True Blood is back! And holy hell, we've missed this cheesy sex-calamity that makes us cry, makes us laugh... but most of all, makes us cross our legs uncomfortably when we have to watch it with other people in the room. How was the very first episode of the fifth season of True Blood? Infinitely better than any single episode from last year. But let us explain it to you, pro/con style. (With spoilers.)
Every time someone says "The Authority," drink!
Pro: We're back and jumping head first into the shallow plot pool, right where we left off. But that's OK — because as the first episode goes forward, the fifth season is slowly starting to shake off that nasty fourth-season skin, so we can move on, into bigger and better stories! But first, Vampire Eric needs to Vampire Zoom all over the room and clean up what's left of Nanners. So yeah, this show isn't really being written for newcomers anymore. We're picking up right where we left off: in an inexplicably complicated plot about vampire politics. Meanwhile, Bill mugs for a phone call, and tells Jessica she can use his crib while he's gone — which, in True Blood talk, means: "Feel free to hump all over my house."

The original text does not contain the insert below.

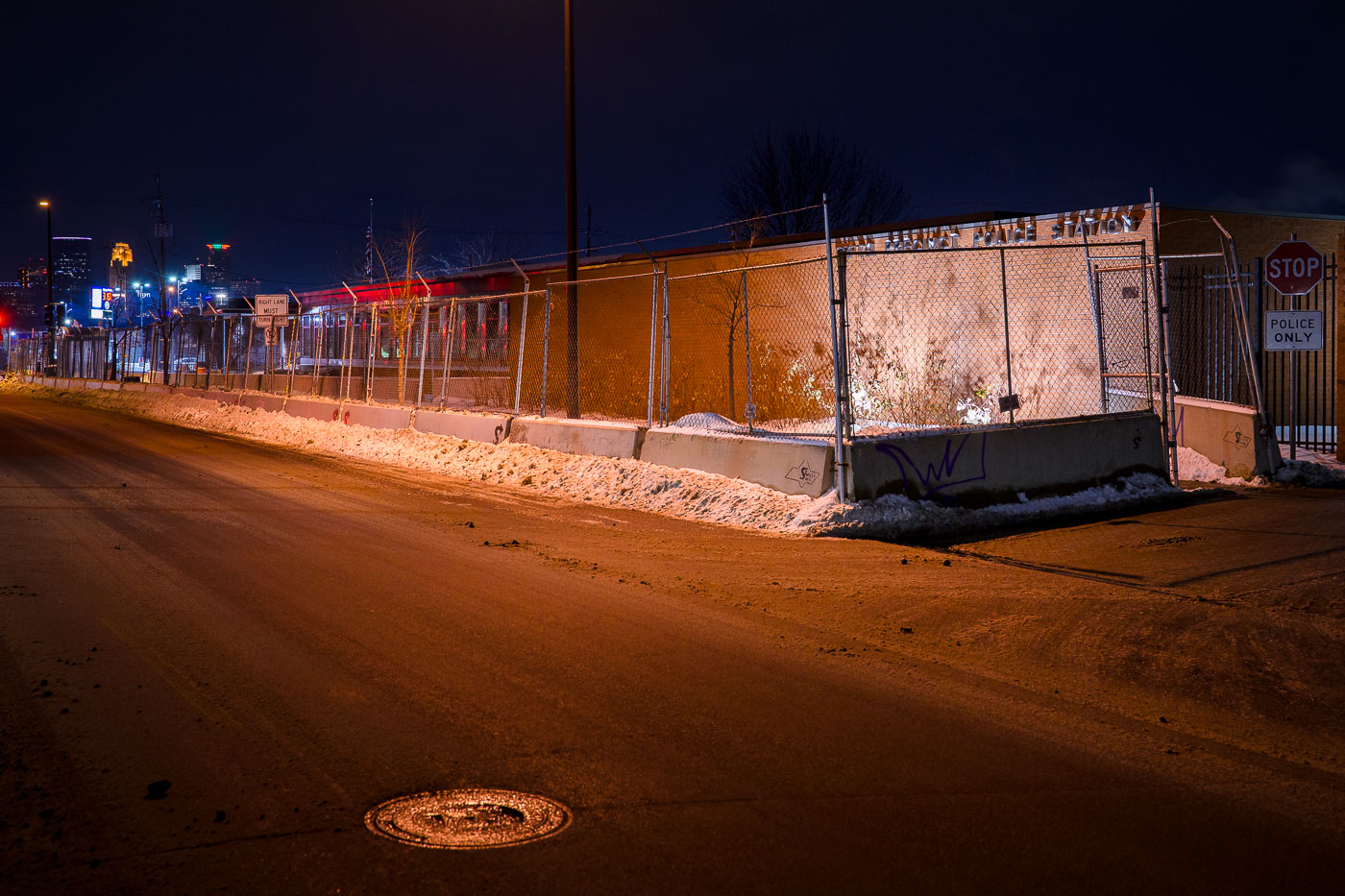 Home - Minneapolis Uprising - 2022 - January 01/02/22 Winter Nights on the Midtown Greenway 01/02/22 Hennepin Avenue Bridge on frigid night 01/02/22 Frigid steam in Downtown Minneapolis 01/02/22 Gold Medal Flour and Steam 01/05/22 Memorial Under Minneapolis 01/06/22 Liquor Lyles Bar & Restaurant on Hennepin 01/06/22 An empty Hennepin Avenue in Uptown Minneapolis 01/06/22 Flander’s Art Gallery in Uptown Minneapolis 01/06/22 Graffiti at Uptown Theater in Minneapolis 01/17/22 Minneapolis Police Fifth Precinct Security 01/17/22 Minneapolis Police Downtown Police Station 01/17/22 Minneapolis Police Second Precinct Christmas Lights 01/18/22 Minneapolis Police Fourth Precinct razor wire 01/18/22 37th & Chicago Ave Free State of George Floyd 01/18/22 Snow covered Lagoon Avenue in Uptown Minneapolis 01/18/22 Parking sign in Uptown Minneapolis off Lake Street 01/19/22 Warren E. Burger Federal Building, St. Paul 01/23/22 US Marshal Street Barricades in St. Paul 01/23/22 Ramsey County Downtown Service Center 01/23/22 Twin Cities PBS across from secure federal courthouse 01/25/22 George Floyd Square on a frigid cold night 01/25/22 Ice at Stella’s in Uptown Minneapolis 01/26/22 Domino’s Pizza on frigid cold night 01/26/22 Holiday Gas Station on frigid night 01/26/22 Warren Burger Federal Building during George Floyd Trial 01/26/22 Flag at Warren Burger Federal Building 01/26/22 Street barricades outside federal courthouse 01/26/22 St. Paul Police Squad Cars 01/29/22 Window Shutters at Target on East Lake Street 01/29/22 Haya Health Rapid COVID Testing 01/29/22 George Floyd Square Say His Name Poster 01/29/22 George Floyd Square Memorial in the snow 01/29/22 Kokou Christopher Fiafonou at George Floyd Square 01/29/22 George Floyd Square The World Is Watching 01/29/22 FTP Stop and Think Stop Sign

Pro: But then this happens. Bill and Eric realize that Sookie is in danger! This is their response.
Vampire Bill: "Suukeh?"
Vampire Eric: "Fuck Sookie."
HOORAY, BABY ERIC IS DEAD! Long live Vampire Asshole Eric! Already this season is better than last year. Why? Because Eric isn't wearing basketball shorts and he just told Bill, "Fuck Sookie." Wahoo! Glad to have mean SOB Eric back in the game.
Pro: Silver Faced. The Authority has caught up with Eric and Bill.
Pro: Meanwhile, Tara is still dead!
Pro: Pam shows up at Sookie's house looking for Eric. While there, she reveals that someone has cast the ploticus convenientitus on her, and now decaying curse has died with Marnie. So, middle finger to that story line. Eh, True Blood?
Con: Pam is conned by Sookie's "super snatch" and agrees to turn Tara into a vampire. No, no, no, no, no, no, no, no, no, no, no, no, no, no, no, no, no, no, no, no, no, no, no, no, no, no, no, no, no, no, no, no, no, no, no, no, no, no, no, no, no, no, no, no, no, no, no, no, no, no, no, no, no, no, no, no, no, no, no, no, no, no, no, no, no, no, no, no, no, no, no, no, no, no, no, no, no, no, no, no, no, no, no, no, no, no, no, no, no, no, no, no, no, no, no, no, no, no, no, no, no, no, no, no, no, no, no, no, no, no, no, no, no, no, no, no, no, no, no, no, no, no, no, no, no, no, no, no, no, no, no, no, no, no, no, no, no, no, no, no, no, no, no, no, no, no, no, no, no, no, no, no, no, no, no, no, no, no, no, no, no, no, no, no, no, no, no, no, no, no, no, no, no, no, no, no, no, no, no, no, no, no, no, no, no, no, no, no, no, no, no, NO!
Pro: At least Pam got in a little Pam-ism, saying that since Tara has lost most of her head she might wake up "completely and totally fucktarded." Which... *makes scales with hands.*
In other news, excellent Wal-Mart sweat suit moment.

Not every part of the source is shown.